A la niña que me ronda la vida

Autora: Zenaida Bacardí de Argamasilla

Libro: Cartas para una vida

 

Abuelita: yo quisiera verte por dentro.  Conocer esa luz profunda que tú dices llevan en el alma todos los seres humanos.” 

No, mi amor.  Esa luz es como la parte sagrada de cada persona, como la sombra y la claridad, el misterio y los estremecimientos de cada corazón. 

Somos celosos de esa intimidad, de esa parte sangrante que llevamos dentro, sin querer que nadie la vea. 

Esa debilidad que no mostramos, ese miedo que no dejamos salir, esa herida que gotea sin nadie saberlo.  Ahí está todo lo roto, todo lo tapado, todo lo oculto, todo lo que da idea de nuestra pequeñez. 

El mundo del corazón lo llevamos reservado… cuando más, son ráfagas momentáneas que se nos salen a veces. 

Es muy hondo el recodo donde se guarda el dolor.  Las heridas que sangran, las húmedas, las que no cicatrizan, no se las enseñamos a nadie.  A veces nos delata una pequeña chispa, pero sin que se pueda suponer todo el peso que guarda el corazón. 

Somos reservados con nuestras heridas y delicados para no hacer sufrir a los demás.  Aprendemos a ser recogidos cuando vivimos con un vaso hendido o con un alma lastimada. 

No, mi amor, mi muchachita.  En ninguna parte podrías encontrar nada más lindo que lo que tienes, ni mayor riqueza que la que posees.  La transparencia de tus años, el candor de tu alma, la pureza de tu corazón, la inocencia de tu mirada, la ingenuidad de tus preguntas, la calidez de tu sonrisa… Son los niños los que acumula los tesoros más valiosos, los que Dios quería tener más cerca de Él.  Y si alguna belleza tiene el hombre, es ese poquito de infancia que se le quedó pegado al corazón, ese poco de niño que todos llevamos dentro a pesar de los años, ese hilito de luz que nos viene de atrás, como recuerdo refrescante y transformador. 

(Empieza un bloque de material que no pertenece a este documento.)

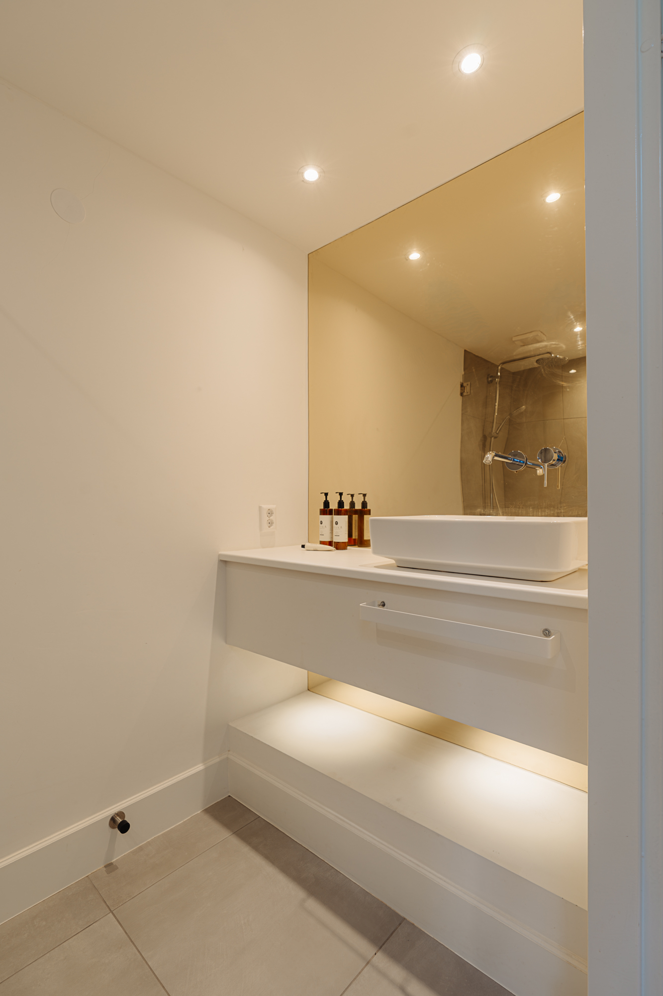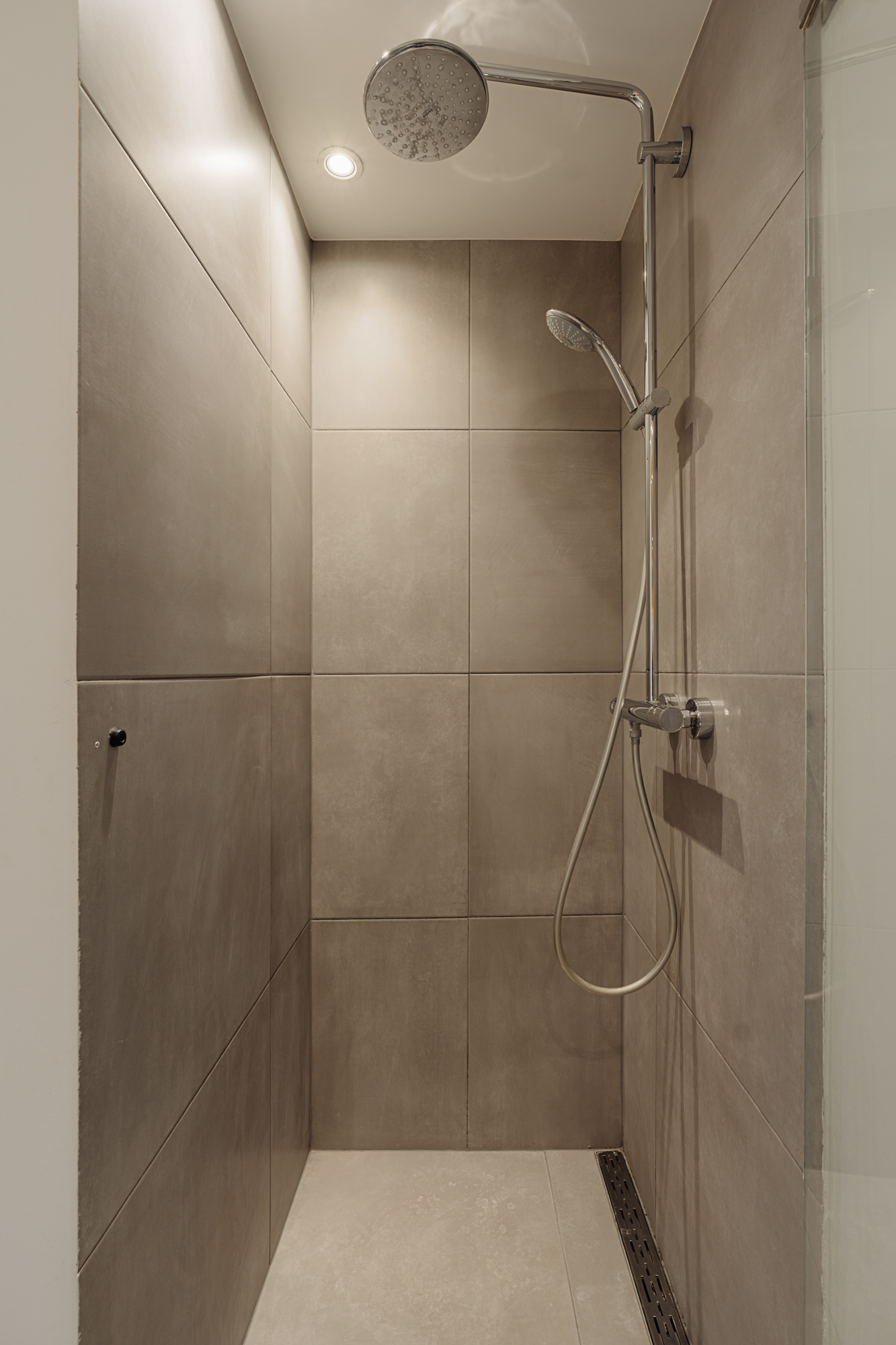 The bathroom is finished in a clean design using natural stone and is fitted with a shower cabin and a washbasin unit. The toilet is separate.
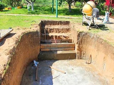 Организация котлована: Начальный этап заключается в выемке земли до достижения водоносного слоя. Глубина и ширина котлована зависят от множества условий, включая тип почвы.

Si algo pudiera enseñarte cuando te asomaras a mi alma será el amor de ustedes pegado a la piel, los ojos hinchados  de llorarlos, los labios secos de rezarles, el corazón gastado de quererlos, la mirada opaca de alumbrarlos, el alma fatigada de soñarlos y la vida consumida de seguirlos. 

Si algo te pudiera regalar, serían las armas que me sirvieron para luchar, las flechas que me sirvieron para regirme y la alas que me sirvieron para volar. 

Te daría sobre todo mi ramillete de palabras, que han sido como sonidos del cielo arrullándome el corazón. 

Te daría todo lo que soy, en lo que no cabe ninguna otra palabra: “abuela”.